Hillary Clinton’s Proposal to End to Private Prisons Boosts Her Popularity

Clinton on private prisons

Hillary Clinton may have found a way to get an edge in the upcoming elections. She presented a proposal to end private prisons, a topic that rarely appears on presidential campaign agendas.

A recent swing-voter focus group provided feedback from the state of Pennsylvania. People attending the debate applauded her for criticizing the private prisons’ system, and for the fact that she acknowledged this is a serious state issue. Her harsh stance on private prisons could be just what she needs to swing the vote in her favor.

Frank Luntz was behind the focus group, in which 27 people participated. At first, there were 28, but one man claimed he will be voting for Trump, so he had to leave the group. Reporters could see on a screen how the members of the focus group felt about each candidate and their statements.

Trump got quite a lot of thumbs-up when he began to criticize the NAFTA trade deal, and subsequently promised to renegotiate the agreements. But his score crashed when he tried to explain his reasons for refusing to release his tax returns. And he was met with the same reaction when explained why he wanted to see President Obama’s birth certificate.
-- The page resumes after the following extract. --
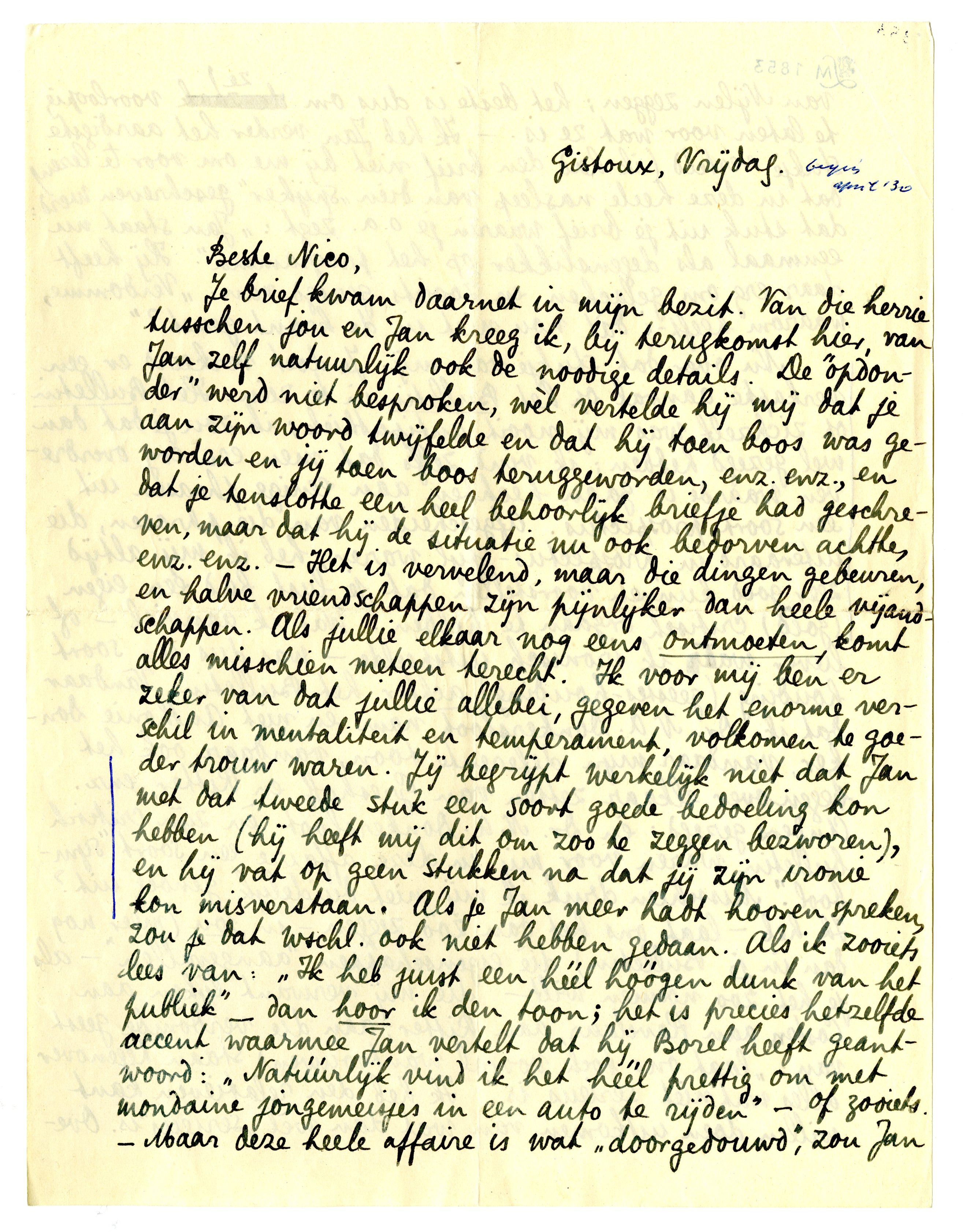 Je brief kwam daarnet in mijn bezit. Van die herrie tusschen jou en Jan kreeg ik, bij terugkomst hier, van Jan zelf natuurlijk ook de noodige details. De ‘opdonder’ werd niet besproken, wèl vertelde hij mij dat je aan zijn woord twijfelde en dat hij toen boos was geworden en jij toen boos teruggeworden, enz. enz., en dat je tenslotte een heel behoorlijk briefje had geschreven, maar dat hij de situatie nu ook bedorven achtte, enz. enz. - Het is vervelend, maar die dingen gebeuren, en halve vriendschappen zijn pijnlijker dan heele vijandschappen. Als jullie elkaar nog eens ontmoeten, komt alles misschien meteen terecht. Ik voor mij ben er zeker van dat jullie allebei, gegeven het enorme verschil in mentaliteit en temperament, volkomen te goeder trouw waren. Jij begrijpt werkelijk niet dat Jan met dat tweede stuk een soort goede bedoeling kon hebben (hij heeft mij dit om zoo te zeggen bezworen), en hij vat op geen stukken na dat jij zijn ironie kon misverstaan. Als je Jan meer hadt hooren spreken, zou je dat wschl. ook niet hebben gedaan. Als ik zooiets lees van: ‘Ik heb juist een héél hóógen dunk van het publiek’ - dan hoor ik den toon; het is precies hetzelfde accent waarmee Jan vertelt dat hij Borel heeft geantwoord: ‘Natúúrlijk vind ik het héél prettig om met mondaine jongemeisjes in een auto te rijden’ - of zooiets. - Maar deze heele affaire is wat ‘doorgedouwd’, zou Jan van Nijlen zeggen; het beste is dus om ze voorloopig te laten voor wat ze is. - Ik heb Jan verder het aardigste stukje verteld (ik had den brief niet bij me om voor te lezen) dat in deze heele nasleep van dien ‘spijker’ geschreven werd: dat stuk uitje brief waarin je o.a. zegt: ‘Jan staat nu eenmaal als degenslikker op het programma’. Hij heeft daar erg om gelachen, en zooiets gezegd van: ‘Verdomme, waarom heeft-i dàt nou niet in de krant gezet?’

Clinton herself faced both positive and negative reactions. The undecided voters had a particularly negative reaction when she started bashing Trump’s birtherism. But they warmed up when Clinton spoke about her the small business her dad owned.

Private Prisons Are Sore Spot for Pennsylvania

However, the positive results of this conversation didn’t even come close to the numbers she achieved when she started talking about putting an end to private prisons. Her number kept going higher and higher as she pointed out that crime rates are nearly as high as Trump makes them out to be. Her favorability continued to go up as she stated that the justice system tends to be harsher towards black and Hispanic men.

Finally her favorability soared when she praised the Department of Justice’s initiative to stop using private prisons. And she concluded by saying that she will do her best to end private prison contracts.

After the end of the debate, focus group participants explained why they had been so enthusiastic about Clinton’s stance on private prisons. The state of Pennsylvania, where the focus group took place, faced an infuriating scandal over the past years. The scandal, which goes by the name of “Kids for Cash,” began five years ago.

A Pennsylvania judge received a 28-year sentence for receiving a number of bribes from a private prison owner. The private prison company and the judge had an arrangement, in which the judge would receive money for every he sent to the prison. Often, he would violate the children’s right to an attorney to do this. All in all, the Pennsylvania state supreme court sent about 4000 kids to prison.

Naturally, the whole community was affected by this scandal. The affair touched the lives of the children that had received sentences in violation of their rights. But it also affected their families and friends of these children. And the larger community of Pennsylvania residents who found out about the news. Even though the scandal erupted in 2011, for many it is still a sore spot.